The Cantabrian broke the world record for the 440 yards three times and the mile, and she won bronze in the 800m at the 1964 Tokyo Olympics. She was overlooked for the Rome Olympics four years earlier despite having similar talent to another young runner the selectors took a punt on: Peter Snell.
At the Halbergs there is a lifetime achievement award which can often go to an administrator who’s devoted their life to sport, a real trooper, but the night should also in some way honour the champions of the past who lit up the sporting arena, who left it all out on the field/court/track/water/rifle range/whatever. The Oscars and Grammys step in to honour their legends, even MTV has a “Should’ve won a Moon Man” category for overlooked brilliance.

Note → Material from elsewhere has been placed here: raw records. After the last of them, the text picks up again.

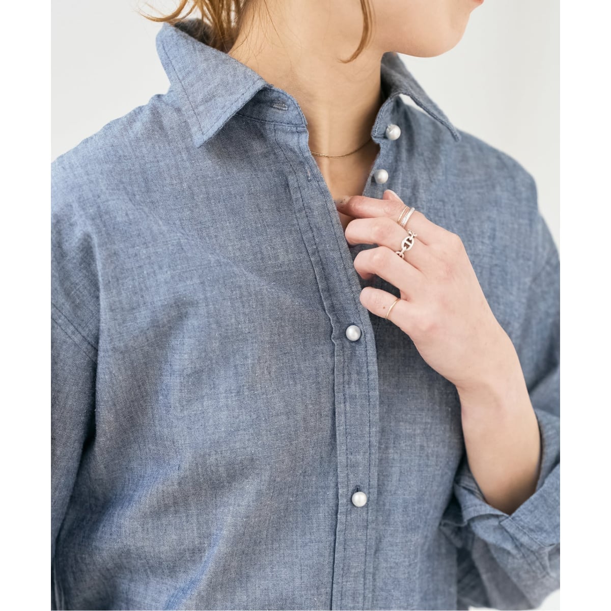 カジュアルに品を添える、コットンパールボタンシャツ。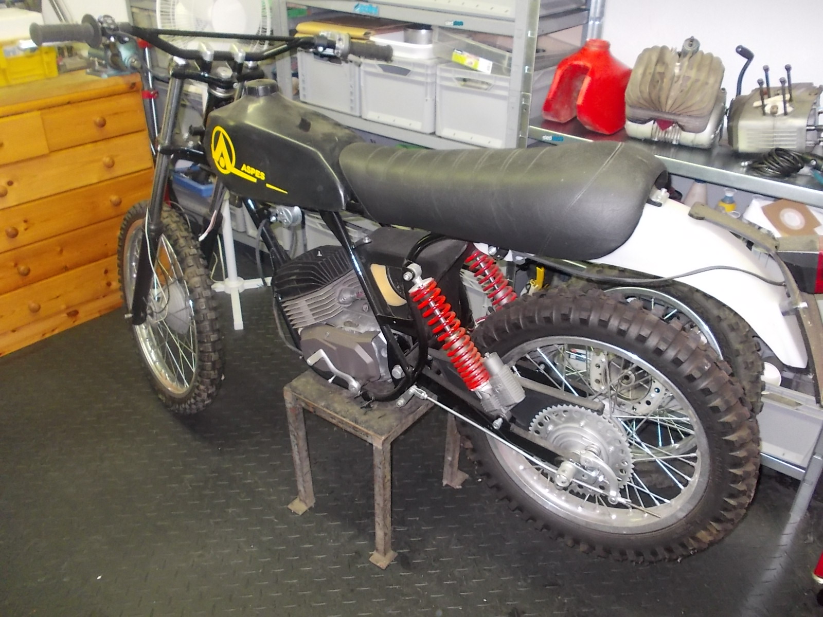 So das Hopi Projekt ist ja zu 99% fertig... da heisst es sich ans nächste Projekt geben. Ist ein vor längerer Zeit mal angefangenes Projekt einer 50er Spezial. Soll später genau so aussehen Der Motor ist bereits gemacht und in meinem Bastard getestet worden. Federbeine sind zwar neue C&C, aber nur für die Standard (345mm statt 360mm), muss ich wohl endlich meine Federbeinphase wieder aktivieren. Hier mal Bilder nach dem Reinschieben in die Werkstatt. Dateianhang: Dateianhang: Reifen sind NOS Metzler MotoCross Enduro, also Originalausstattung Der Tank ist ebenfalls NOS, da war noch nie Sprit drin. Die Räder sind schon komplett neu gemacht Kettenschutz ist auch NOS Kalle |
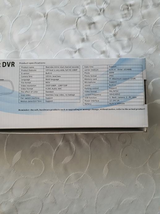Retrovizor sa prednjom kamerom prodajem. Karakteristike na pakiranju. Cijena 15 EUR. Mob 098 350 364

Our sports awards started life sounding as sexist as possible as the New Zealand Sportsman’s Trophy in 1949. The first winner was cricketer Bert Sutcliffe, but Yvette Williams was next and within 11 years recipients included Bob Charles, Peter Snell, Don Clarke and Murray Halberg. Back then the awards were run by NZ Sportsman magazine and in 1960, when the publication folded (presumably because it was too sexist), the awards came to an abrupt halt. In 1962 Bruce McLaren won the Monaco Grand Prix so he would’ve been a contender had the awards been held that year.
In 1963, a knight in shining armour arrived: The Halberg Disability Sport Foundation restarted the awards, and it was just one prize until 1987, when sportswoman, sportsman, team and coach became categories, each winner contesting the Supreme Award. (For the record, the winners in ’87 were Devoy, Hadlee, All Blacks, Lochore and All Blacks).
For 53 years Sir Murray’s incredible charity has kept the awards going and helped disabled people play sport. It’s legendary stuff. There is a New Zealand Sports Hall of Fame but its brief is broader and its profile isn’t huge (it’s in the Dunedin railway station…).
There’s still room for a more exclusive club.
And so I propose a Halberg Legends Award. It’s gold, it’s shiny (a Golden Halberg if you will) and when Sir Colin Meads finally gets his giant mitts on it, he’ll gruffly talk up everyone else but him. Everything will seem that much better and no-one will complain about it.